- **DATASET CONTENT**

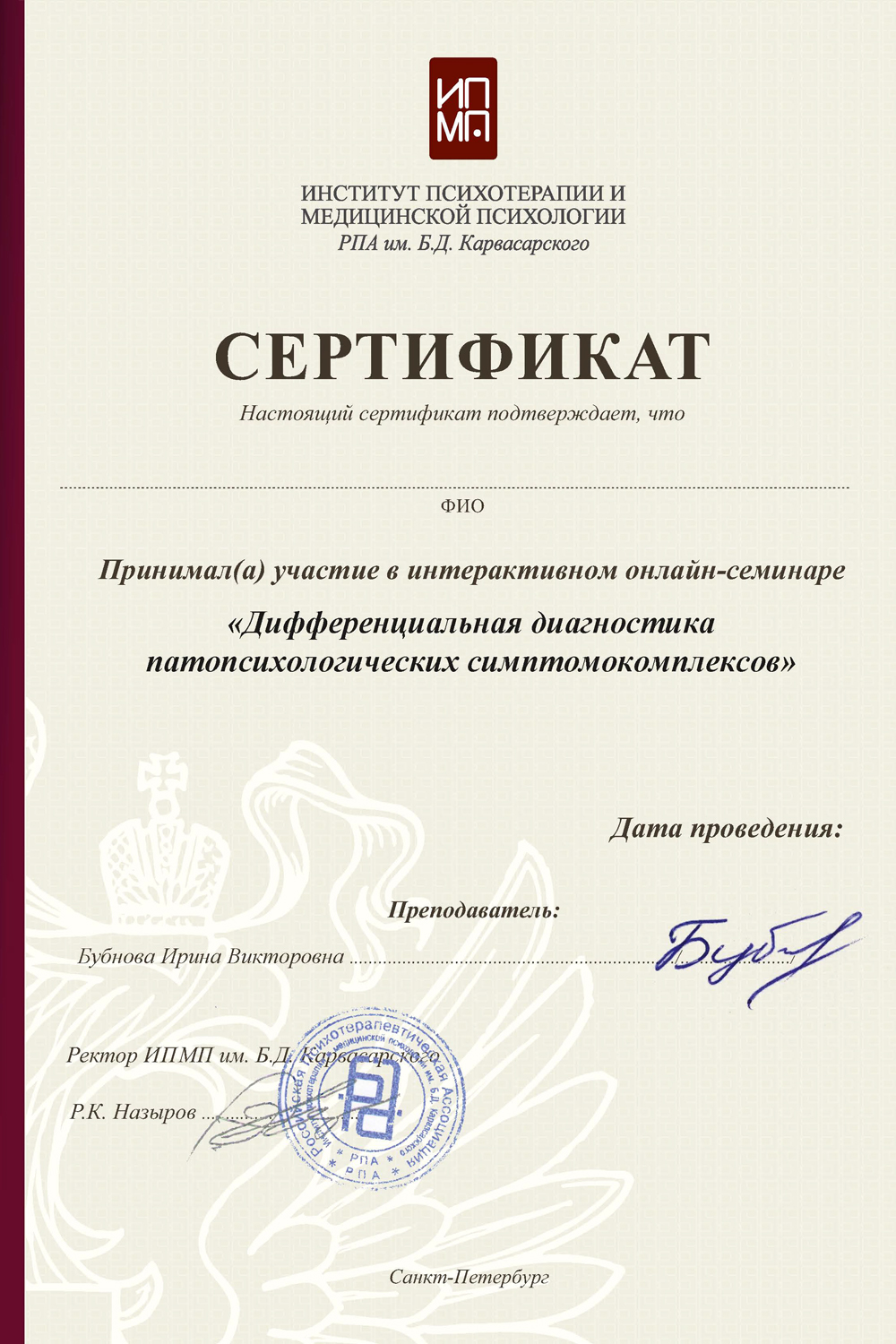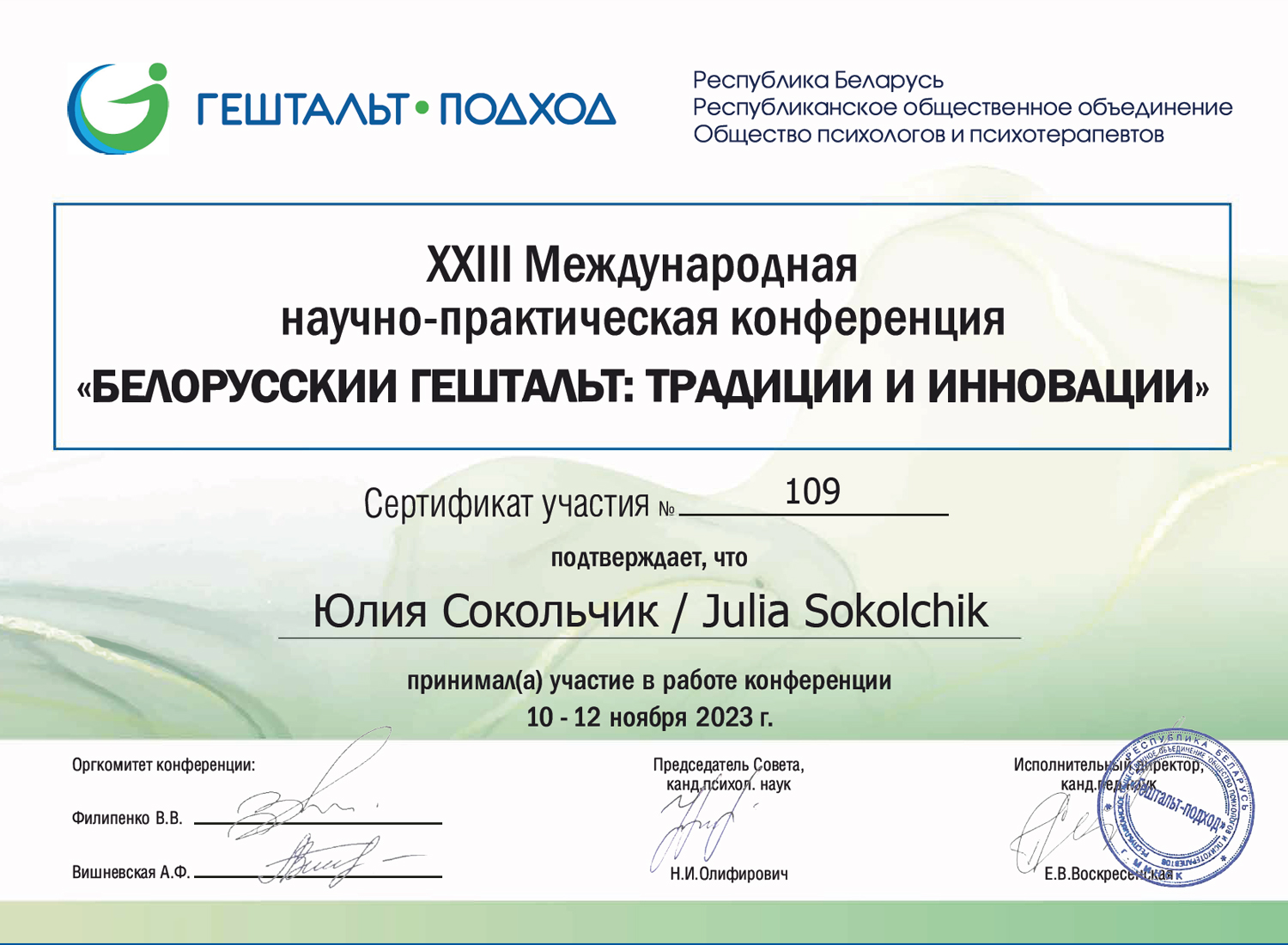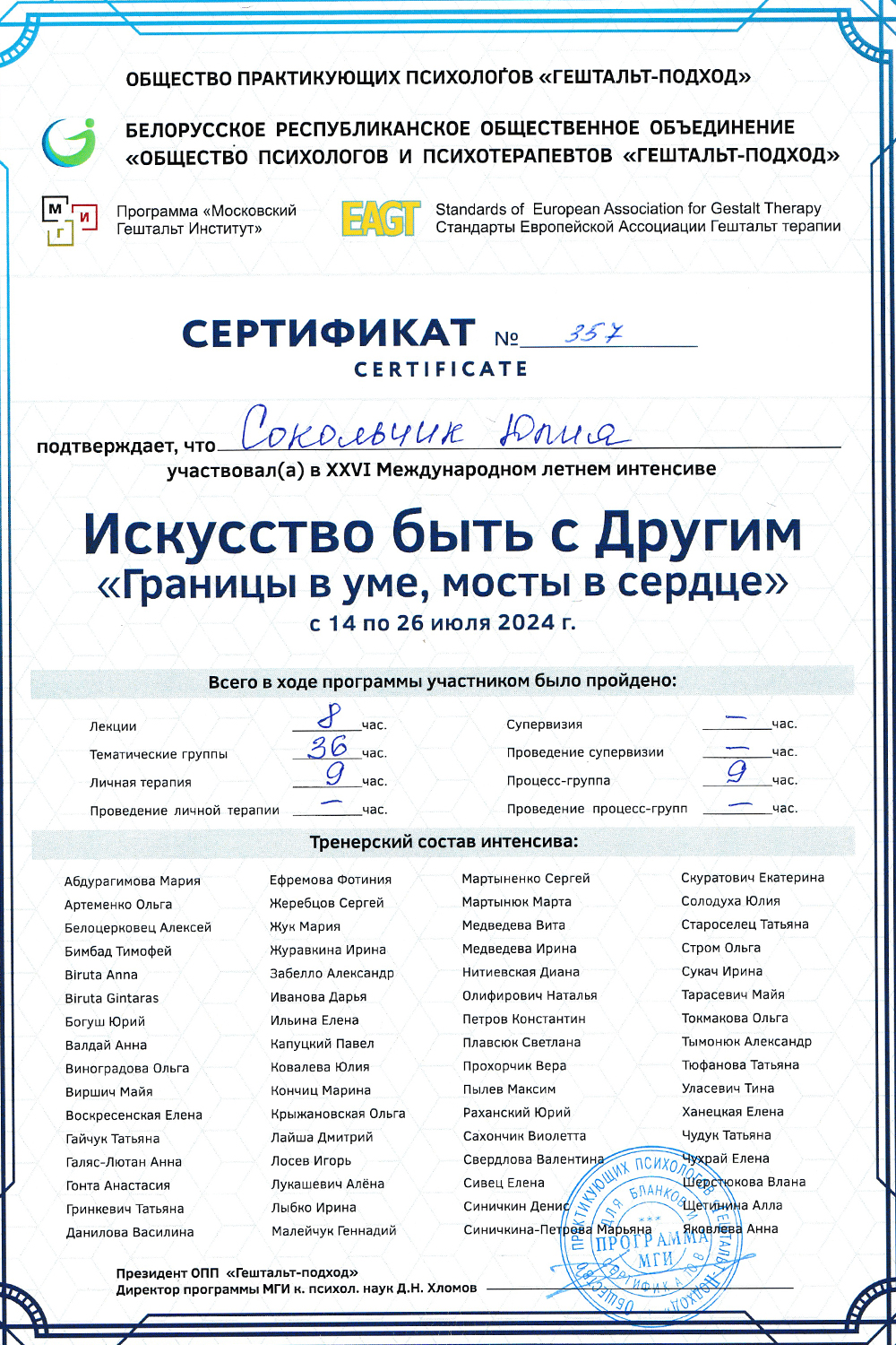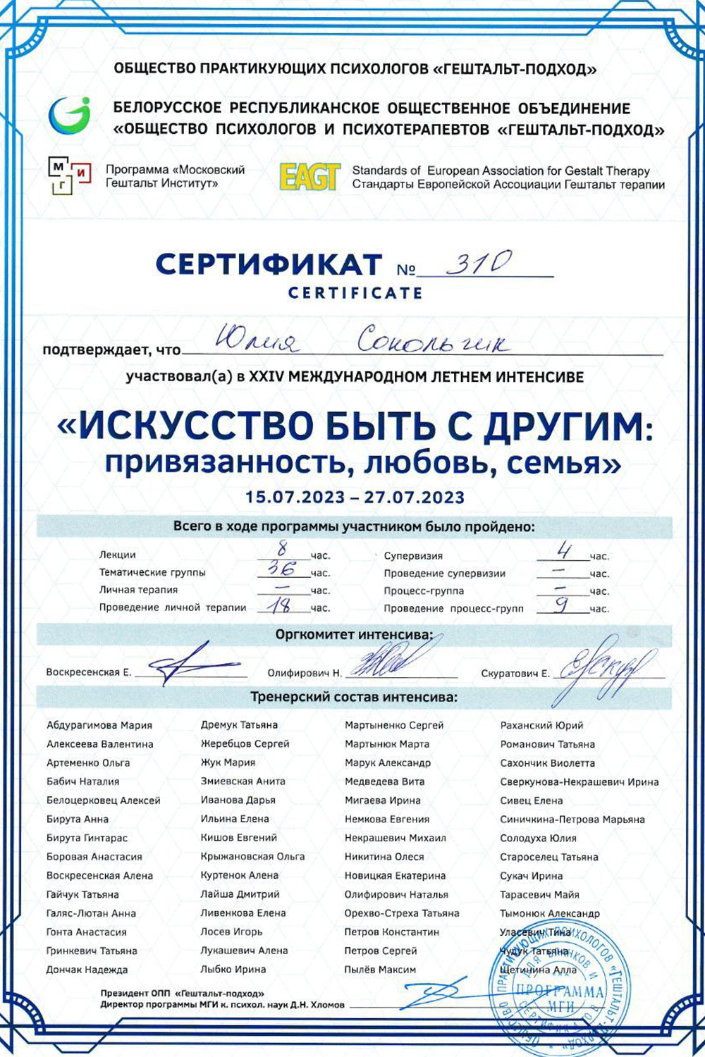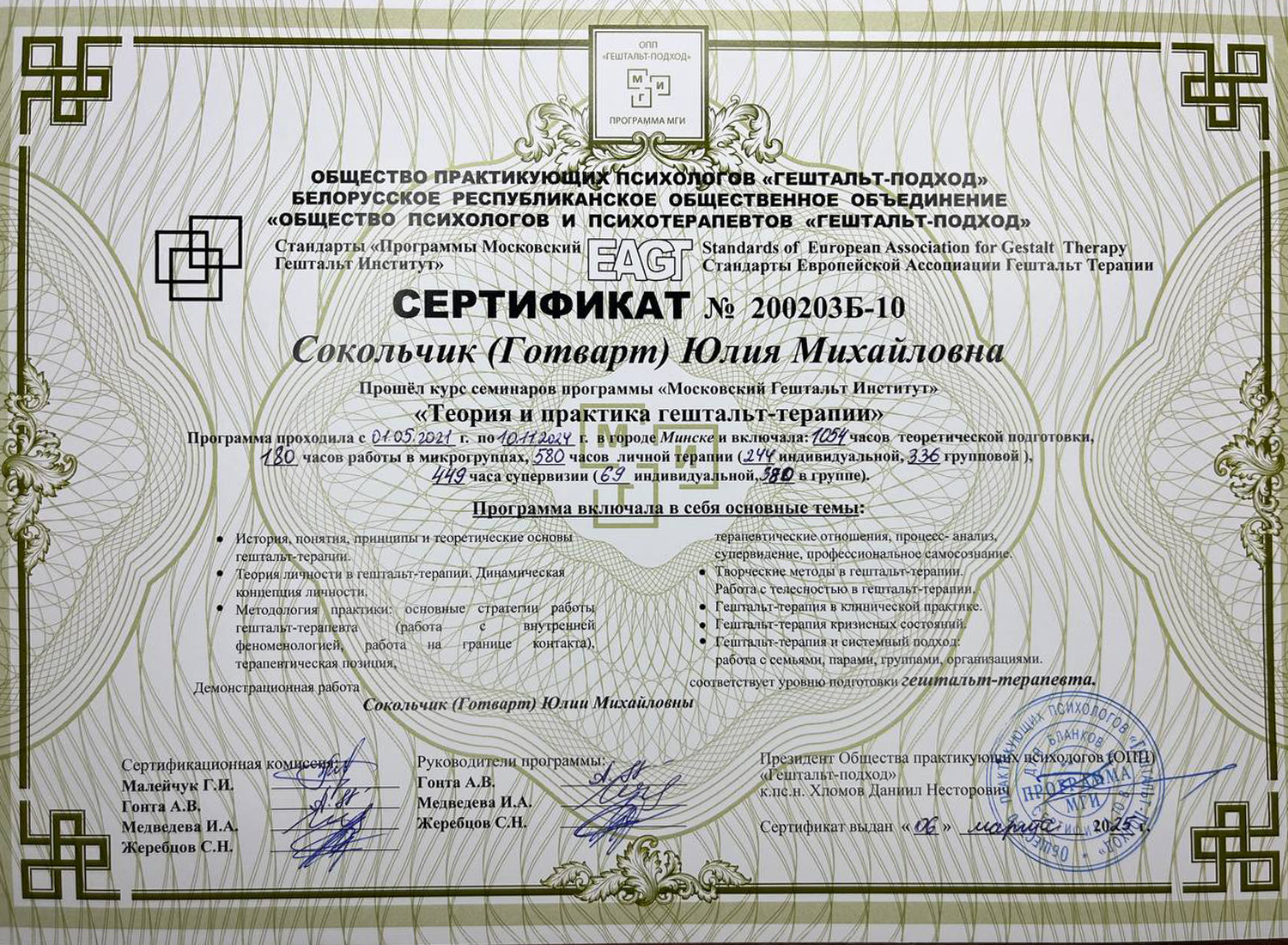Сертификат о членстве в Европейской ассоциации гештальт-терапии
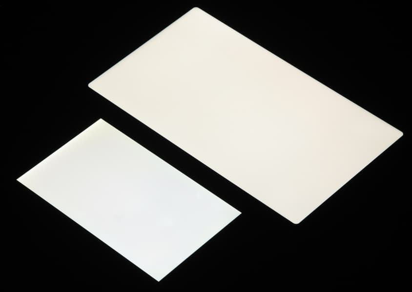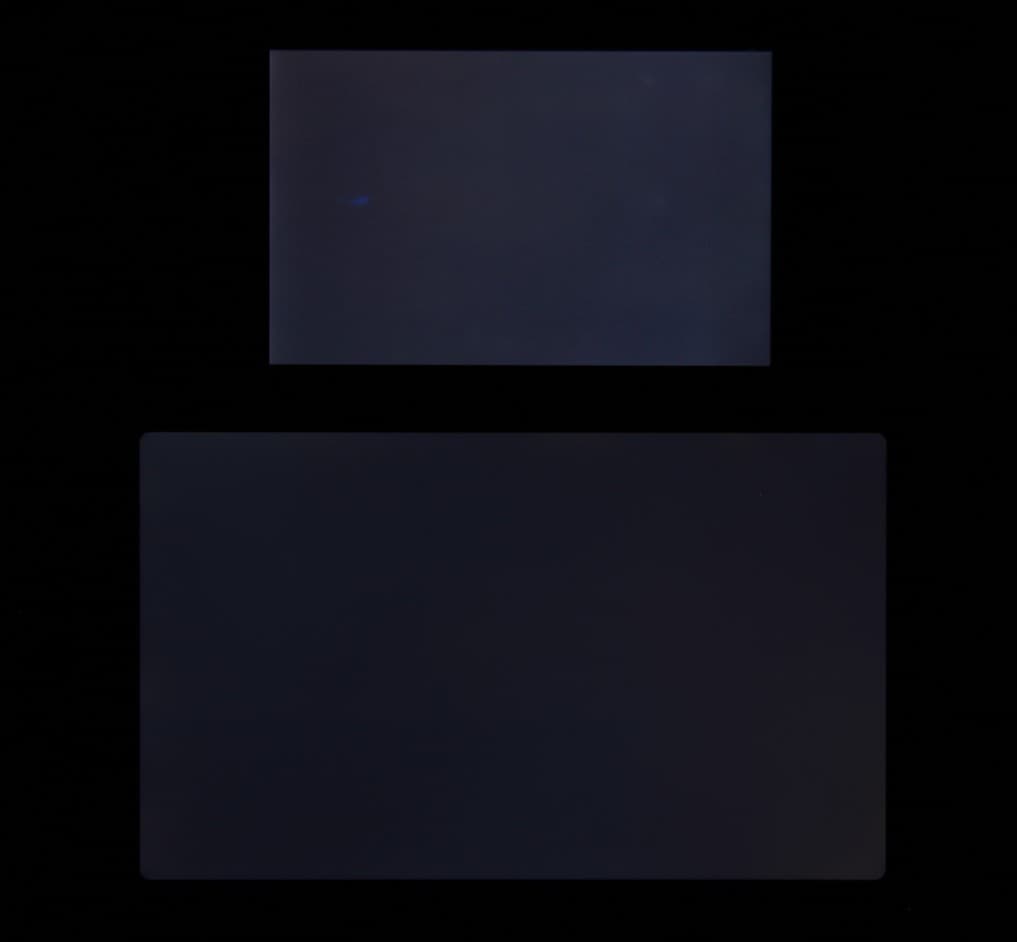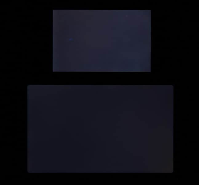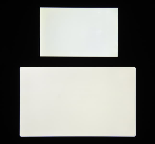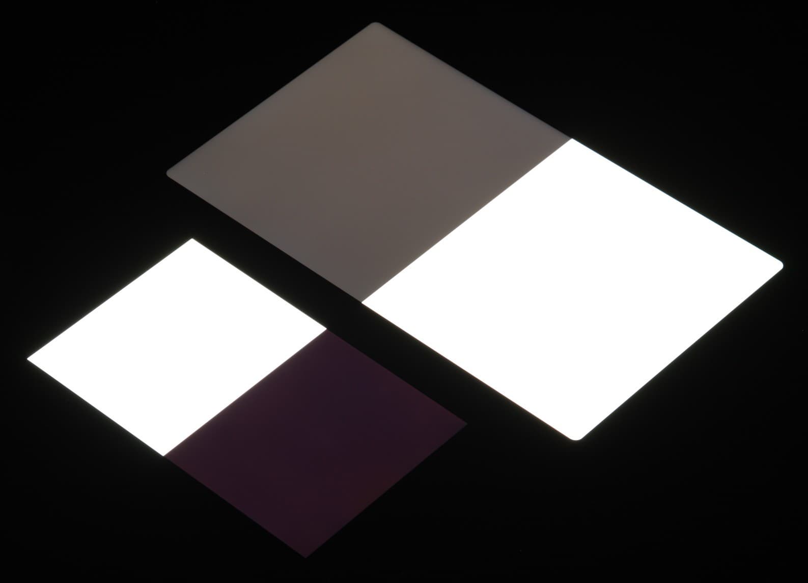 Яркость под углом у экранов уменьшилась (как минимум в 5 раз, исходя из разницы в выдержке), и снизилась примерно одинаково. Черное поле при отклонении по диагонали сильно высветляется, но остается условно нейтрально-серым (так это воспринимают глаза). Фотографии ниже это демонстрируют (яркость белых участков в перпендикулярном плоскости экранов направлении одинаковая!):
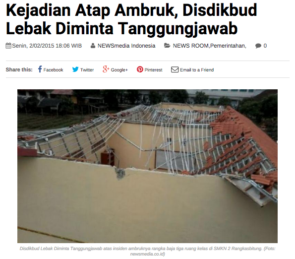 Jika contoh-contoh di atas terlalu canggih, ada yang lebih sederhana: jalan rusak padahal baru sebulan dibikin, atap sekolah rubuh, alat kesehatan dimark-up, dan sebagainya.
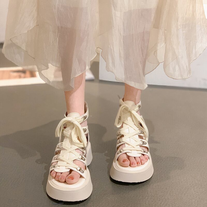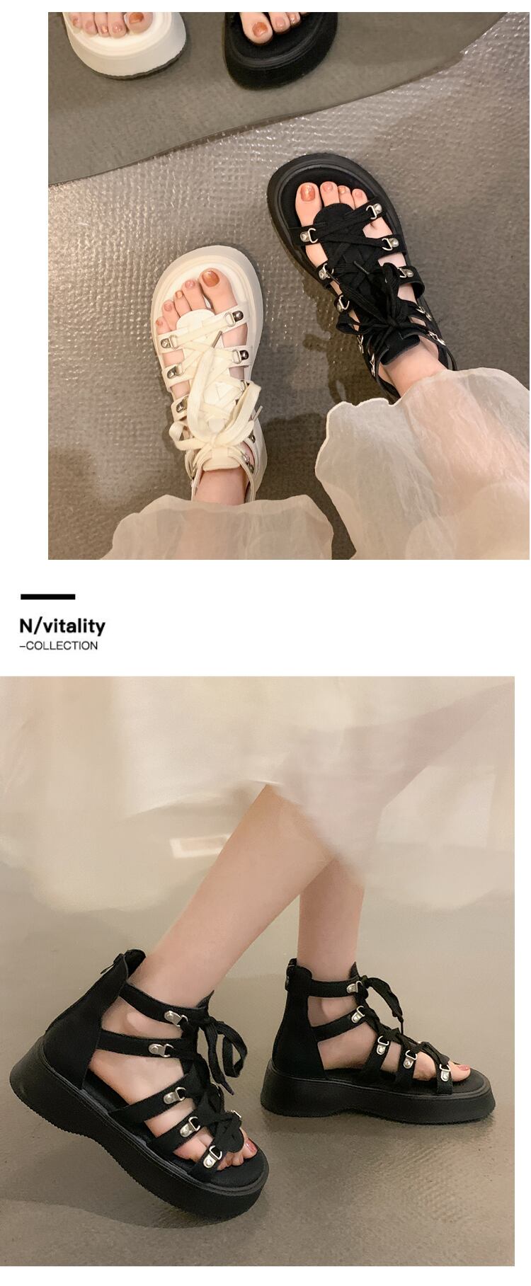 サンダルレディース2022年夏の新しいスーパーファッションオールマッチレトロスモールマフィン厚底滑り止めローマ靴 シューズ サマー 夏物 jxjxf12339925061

- **EXERCISE BRIEF**
Reproduce the data above word for word, but leave the images out.

- **PROBLEM SOLUTION**
Сертификат о членстве в Европейской ассоциации гештальт-терапии
 Яркость под углом у экранов уменьшилась (как минимум в 5 раз, исходя из разницы в выдержке), и снизилась примерно одинаково. Черное поле при отклонении по диагонали сильно высветляется, но остается условно нейтрально-серым (так это воспринимают глаза). Фотографии ниже это демонстрируют (яркость белых участков в перпендикулярном плоскости экранов направлении одинаковая!):
 Jika contoh-contoh di atas terlalu canggih, ada yang lebih sederhana: jalan rusak padahal baru sebulan dibikin, atap sekolah rubuh, alat kesehatan dimark-up, dan sebagainya.
 サンダルレディース2022年夏の新しいスーパーファッションオールマッチレトロスモールマフィン厚底滑り止めローマ靴 シューズ サマー 夏物 jxjxf12339925061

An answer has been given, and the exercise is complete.